• The task: In the material below, find the line containing "新西兰惠灵顿维多利亚大学国际" and the line containing "La actual administración". Output those two lines and all lines between them exactly, without pictures.

• Extracted entries:
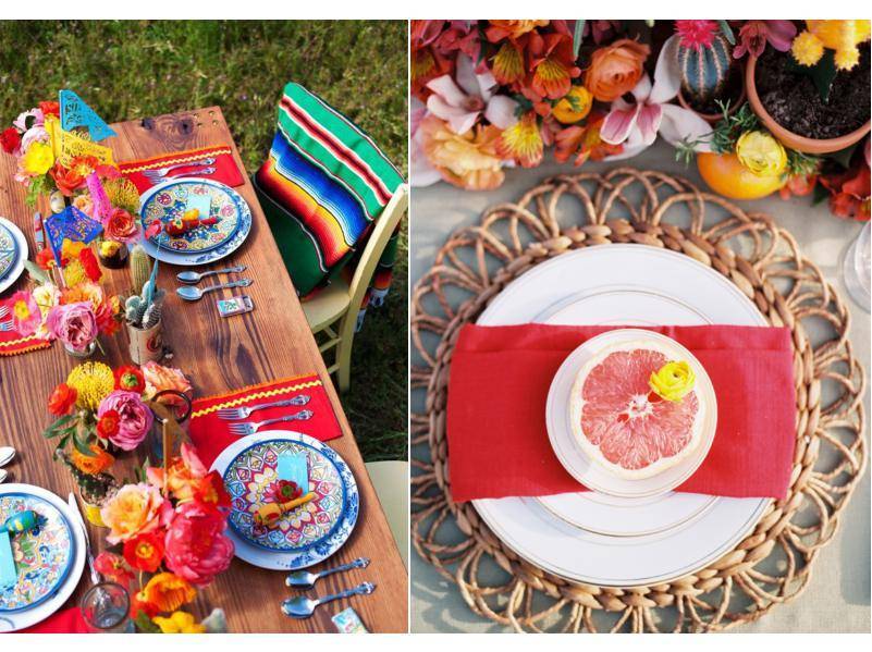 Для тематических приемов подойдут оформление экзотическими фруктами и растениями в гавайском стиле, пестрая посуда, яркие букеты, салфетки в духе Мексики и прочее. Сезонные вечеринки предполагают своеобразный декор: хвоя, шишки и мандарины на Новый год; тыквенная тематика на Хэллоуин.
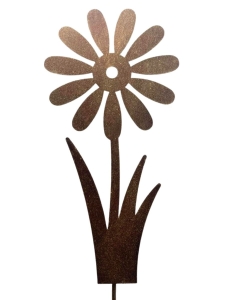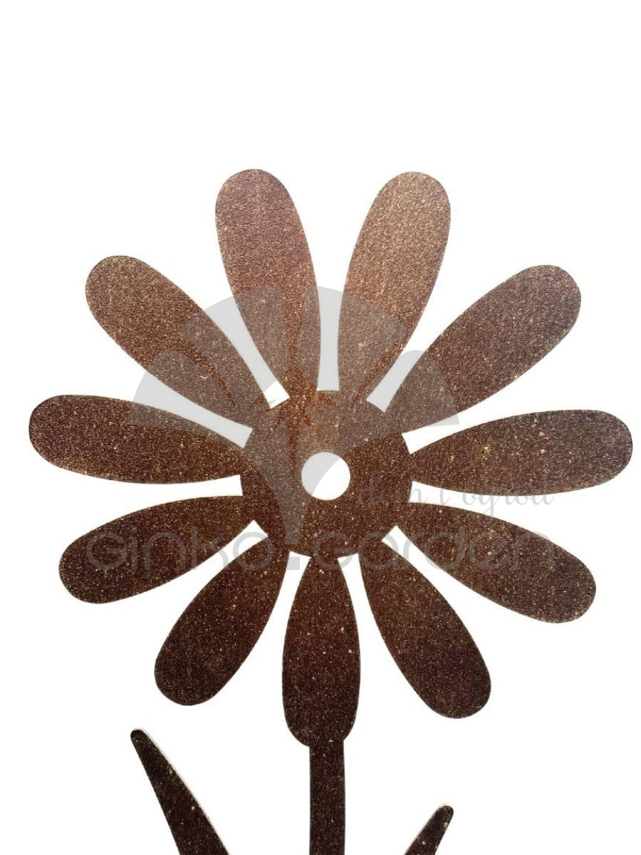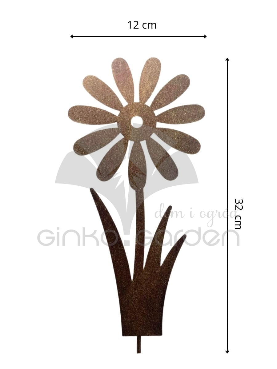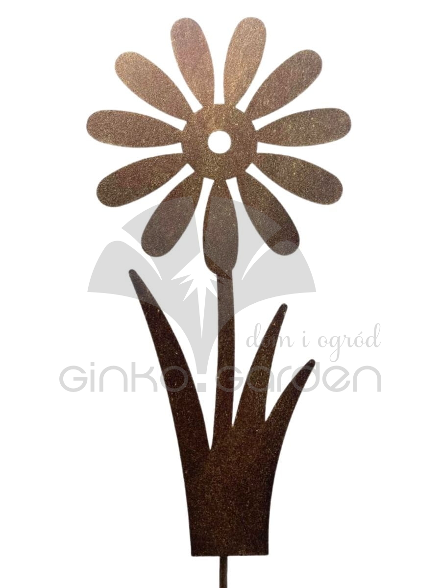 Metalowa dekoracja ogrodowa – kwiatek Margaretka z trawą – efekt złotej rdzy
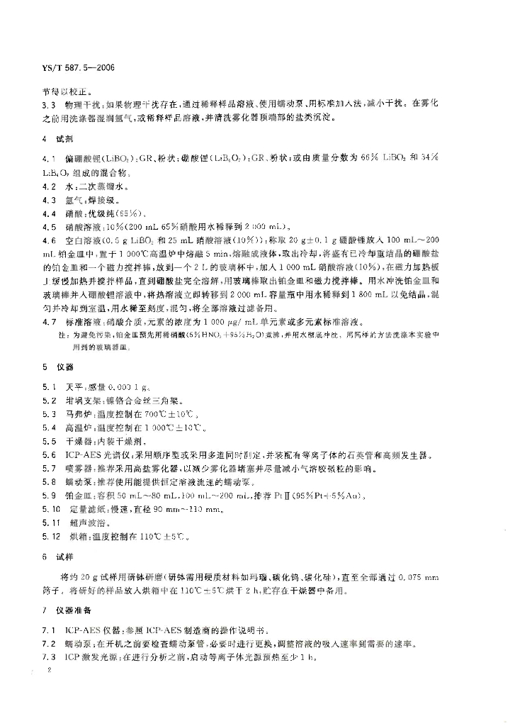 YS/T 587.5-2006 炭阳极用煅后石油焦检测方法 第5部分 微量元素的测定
* * *
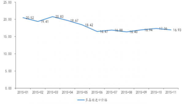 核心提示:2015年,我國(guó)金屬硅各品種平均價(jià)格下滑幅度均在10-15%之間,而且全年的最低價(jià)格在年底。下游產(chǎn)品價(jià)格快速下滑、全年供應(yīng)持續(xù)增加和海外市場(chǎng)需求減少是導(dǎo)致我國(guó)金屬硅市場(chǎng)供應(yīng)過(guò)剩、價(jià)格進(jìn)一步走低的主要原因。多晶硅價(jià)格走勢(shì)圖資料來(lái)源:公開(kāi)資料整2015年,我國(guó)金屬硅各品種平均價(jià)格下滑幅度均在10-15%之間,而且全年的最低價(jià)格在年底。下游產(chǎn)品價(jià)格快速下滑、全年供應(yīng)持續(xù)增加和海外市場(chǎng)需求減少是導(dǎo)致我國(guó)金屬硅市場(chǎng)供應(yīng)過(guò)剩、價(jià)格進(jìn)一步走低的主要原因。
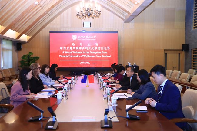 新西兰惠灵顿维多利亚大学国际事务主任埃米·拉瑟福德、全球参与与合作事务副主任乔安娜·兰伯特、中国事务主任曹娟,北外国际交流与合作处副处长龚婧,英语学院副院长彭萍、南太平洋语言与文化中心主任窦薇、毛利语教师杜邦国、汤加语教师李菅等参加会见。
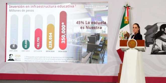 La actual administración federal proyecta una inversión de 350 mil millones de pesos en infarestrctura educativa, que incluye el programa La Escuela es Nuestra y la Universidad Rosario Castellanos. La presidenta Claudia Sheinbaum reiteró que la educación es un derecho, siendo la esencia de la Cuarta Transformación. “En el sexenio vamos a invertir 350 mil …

• Reply to the task:
 新西兰惠灵顿维多利亚大学国际事务主任埃米·拉瑟福德、全球参与与合作事务副主任乔安娜·兰伯特、中国事务主任曹娟,北外国际交流与合作处副处长龚婧,英语学院副院长彭萍、南太平洋语言与文化中心主任窦薇、毛利语教师杜邦国、汤加语教师李菅等参加会见。
 La actual administración federal proyecta una inversión de 350 mil millones de pesos en infarestrctura educativa, que incluye el programa La Escuela es Nuestra y la Universidad Rosario Castellanos. La presidenta Claudia Sheinbaum reiteró que la educación es un derecho, siendo la esencia de la Cuarta Transformación. “En el sexenio vamos a invertir 350 mil …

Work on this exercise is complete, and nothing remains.